Find, in the records below, the line that contains "21-22 апреля в" and the line that contains "Thạch Dừa DEDU: Thạch". Copy those two lines and everything between them exactly, but not the pictures.

Information shown Block Start

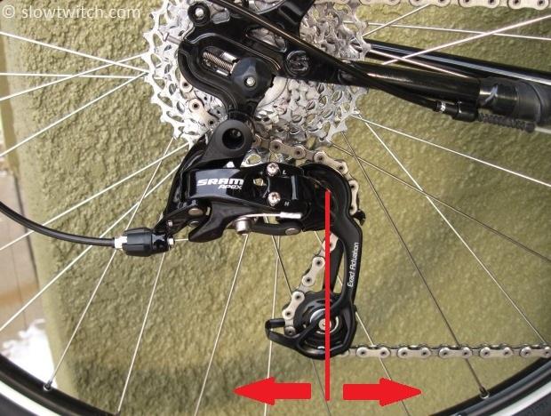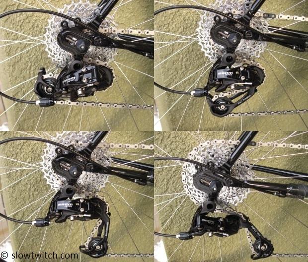Notice how the derailleur cage becomes more extended – travels further to the right – as the chain wraps around more and more gear teeth.
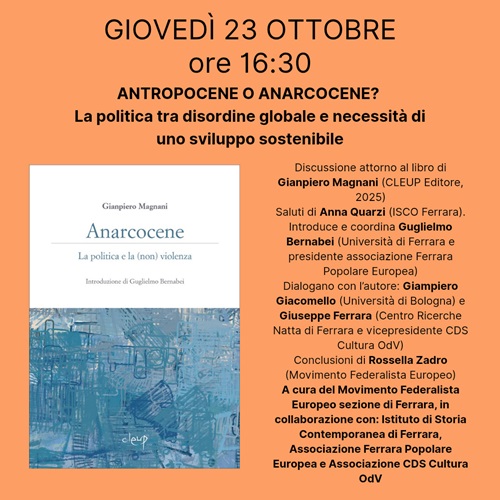 FERRARA – Avrà come tema “La politica tra disordine globale e necessità di uno sviluppo sostenibile” il dibattito ispirato dal libro di Gianpiero Magnani intitolato “Anarcocene – La politica della non violenza” in programma giovedì 23 ottobre 2025 alle 17:00 nella sala Agnelli della biblioteca comunale Ariostea (temporaneo ingresso da via Romiti 13, Ferrara).
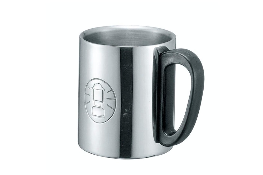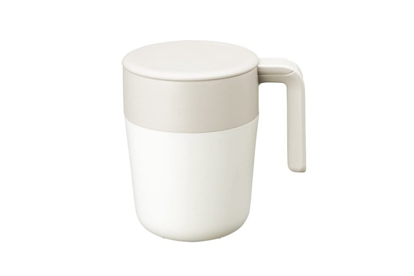 ステンレスの2層構造で保温、保冷力のあるマグカップ。比較的リーズナブルに手に入るのもうれしい。取っ手はポリプロピレンなので熱くならず握りやすい仕様です。
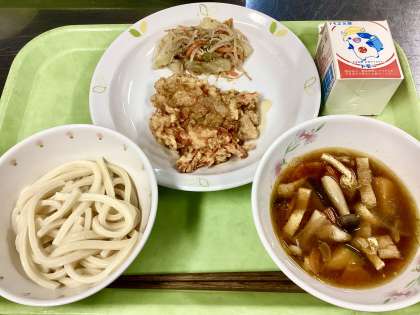 かき揚げは、玉ねぎ・人参・いかを具に作ったシンプルな物です。しかし、人の手作業でないと作れない料理なので、とても手間がかかります。作ってから時間を置いてしまうと、ベチャッとして形が崩れてしまうため、揚げる前に50個ずつほど作ってもらい、油に入れたらもう50個作るという丁寧な方法で進めてもらっています。そのため、うちのかき揚げはとても美味しいです。今日も調理員さん、ありがとうございます。
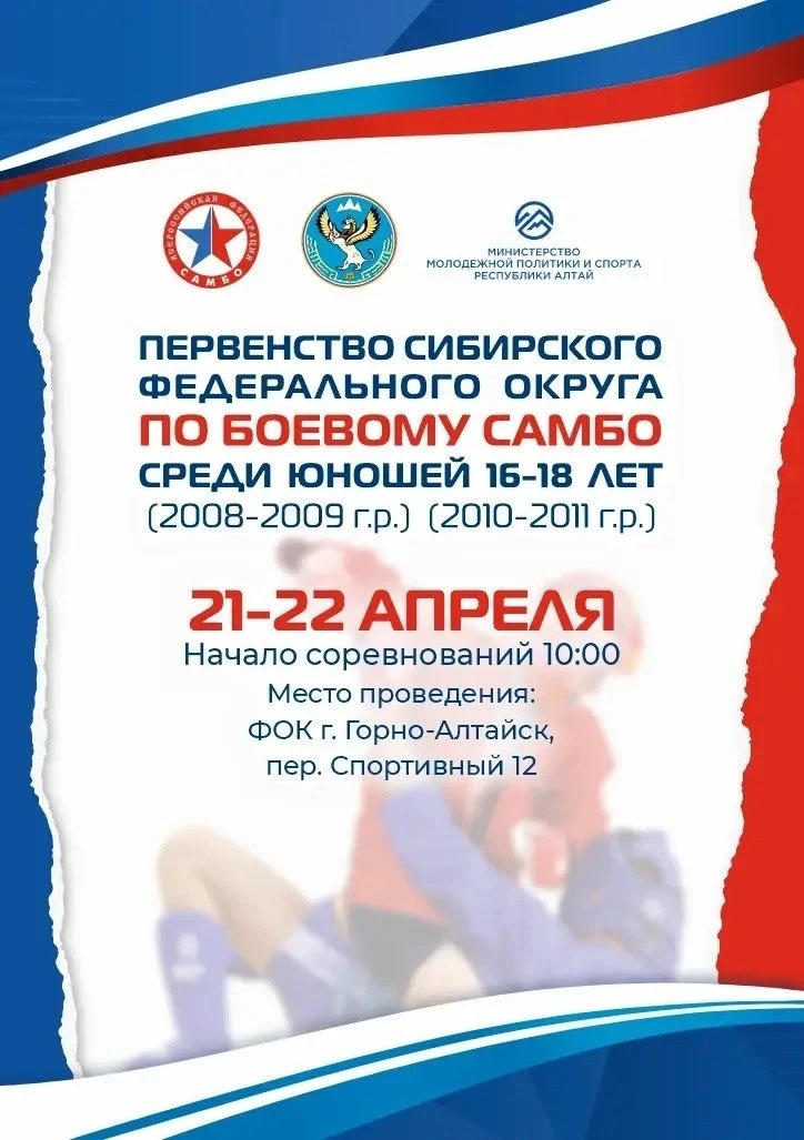 21-22 апреля в Горно-Алтайске пройдет Первенство Сибирского федерального округа по боевому самбо среди юношей до 16 и до 18 лет. Соревнования являются отборочными на Первенство России.
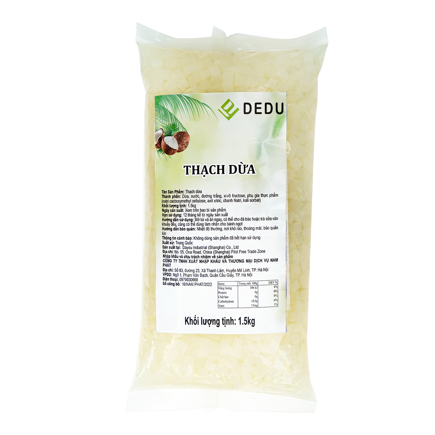 Thạch Dừa DEDU: Thạch có màu trắng và vị ngọt béo của dừa, tạo cảm giác ngon miệng và bổ dưỡng. Thạch dừa phù hợp với các loại đồ uống như trà sữa thạch dừa, sinh tố thạch dừa, sữa chua thạch dừa,…
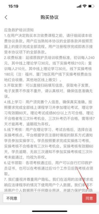 5、阅读并“同意”购买协议条款,方可继续完成后续报名及支付流程。
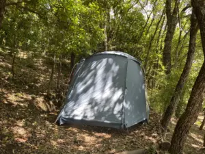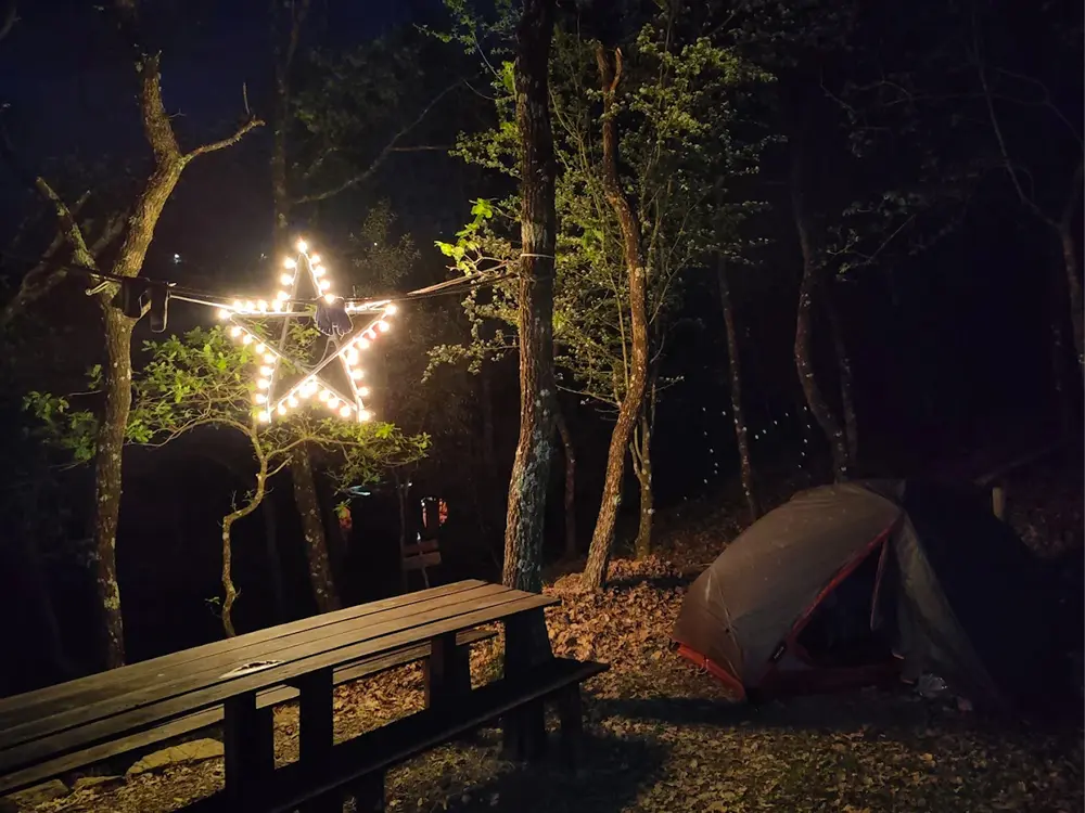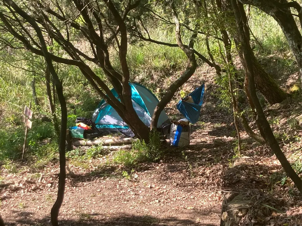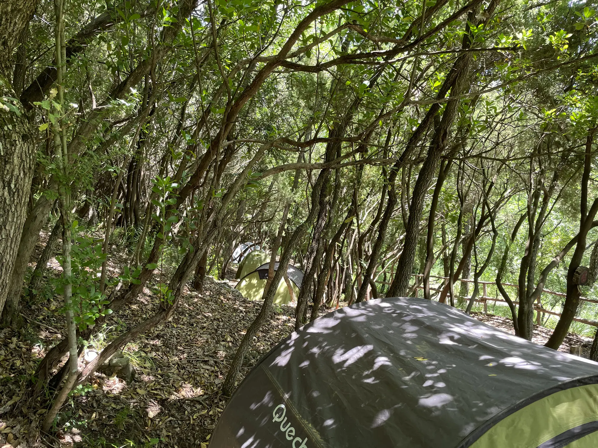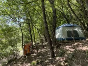L’area campeggio dispone di 10 piazzole per tende di diversa misura, dislocate in più punti lungo il pendio della collina, dentro la folta macchia mediterranea e all’ombra di un querceto. Gli spazi sono ricavati rispettando la conformazione del territorio, senza forzature, in modo che ogni ospite possa sentirsi dentro la natura e trovare il proprio rifugio nel bosco.

Information shown Block End

Your response:
 21-22 апреля в Горно-Алтайске пройдет Первенство Сибирского федерального округа по боевому самбо среди юношей до 16 и до 18 лет. Соревнования являются отборочными на Первенство России.
 Thạch Dừa DEDU: Thạch có màu trắng và vị ngọt béo của dừa, tạo cảm giác ngon miệng và bổ dưỡng. Thạch dừa phù hợp với các loại đồ uống như trà sữa thạch dừa, sinh tố thạch dừa, sữa chua thạch dừa,…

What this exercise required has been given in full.